##### Material provided #####

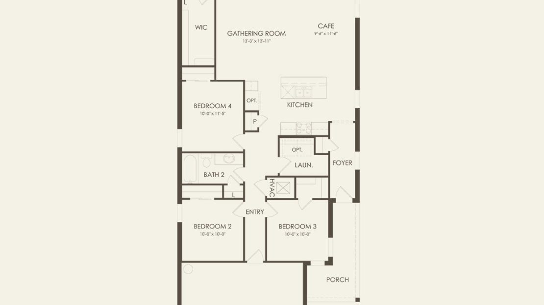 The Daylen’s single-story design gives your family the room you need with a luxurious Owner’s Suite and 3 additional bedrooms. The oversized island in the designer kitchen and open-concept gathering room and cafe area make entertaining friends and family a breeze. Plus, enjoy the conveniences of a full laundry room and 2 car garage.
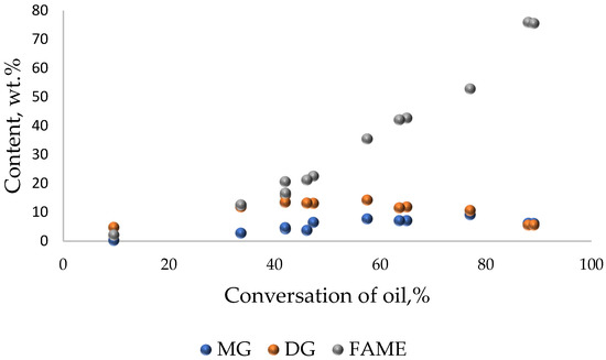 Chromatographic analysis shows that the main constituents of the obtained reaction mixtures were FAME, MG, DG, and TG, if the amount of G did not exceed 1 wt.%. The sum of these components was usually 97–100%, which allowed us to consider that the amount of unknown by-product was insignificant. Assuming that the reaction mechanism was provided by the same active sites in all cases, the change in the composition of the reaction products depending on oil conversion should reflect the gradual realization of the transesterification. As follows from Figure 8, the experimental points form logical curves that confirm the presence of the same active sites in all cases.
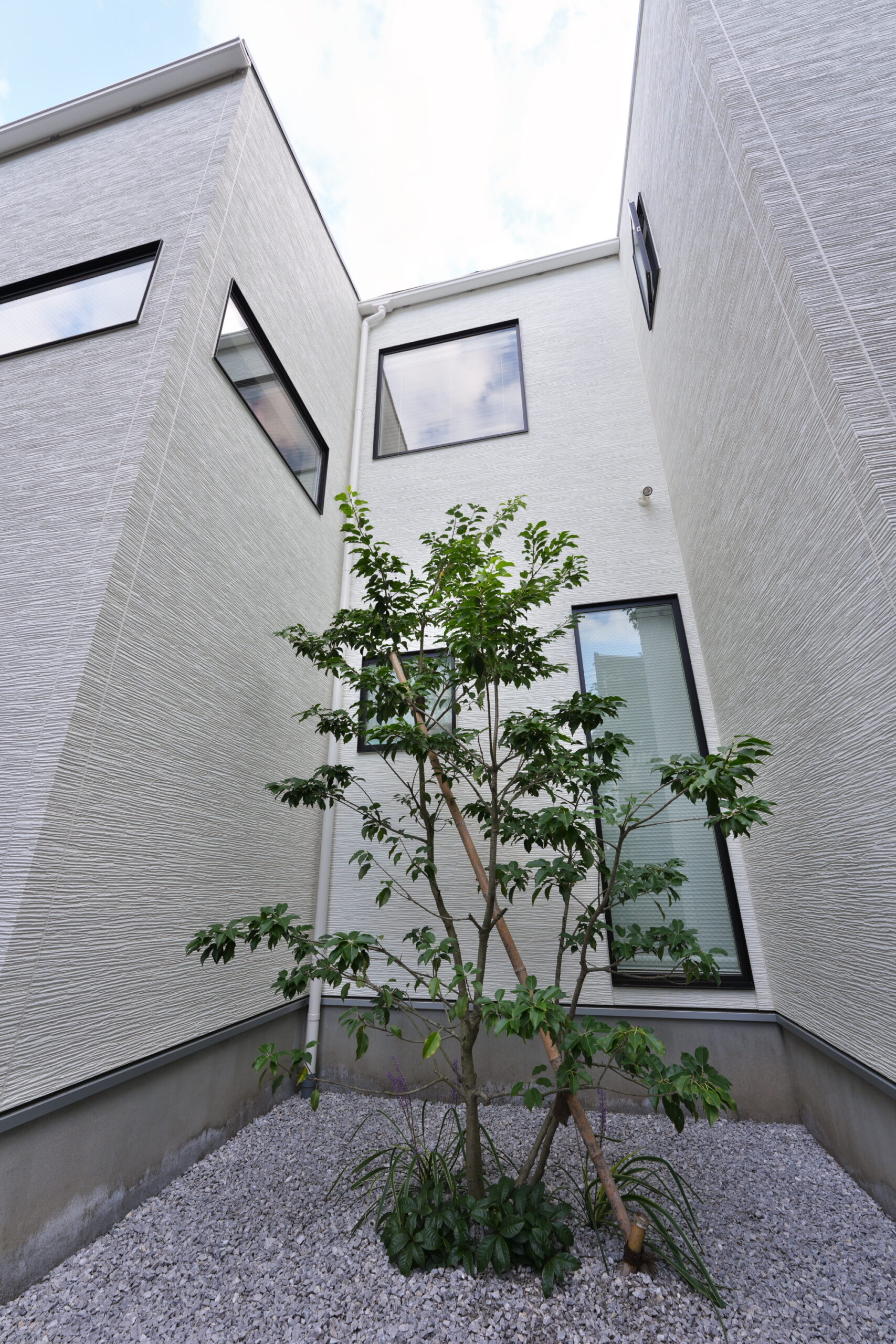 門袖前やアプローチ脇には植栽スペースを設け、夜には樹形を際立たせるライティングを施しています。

#####

What the task requires
Repeat nothing but the lines from the one containing "Chromatographic analysis shows" through the last line of the listing, both included, exactly as written, and omit any picture.

Output for this exercise
 Chromatographic analysis shows that the main constituents of the obtained reaction mixtures were FAME, MG, DG, and TG, if the amount of G did not exceed 1 wt.%. The sum of these components was usually 97–100%, which allowed us to consider that the amount of unknown by-product was insignificant. Assuming that the reaction mechanism was provided by the same active sites in all cases, the change in the composition of the reaction products depending on oil conversion should reflect the gradual realization of the transesterification. As follows from Figure 8, the experimental points form logical curves that confirm the presence of the same active sites in all cases.
 門袖前やアプローチ脇には植栽スペースを設け、夜には樹形を際立たせるライティングを施しています。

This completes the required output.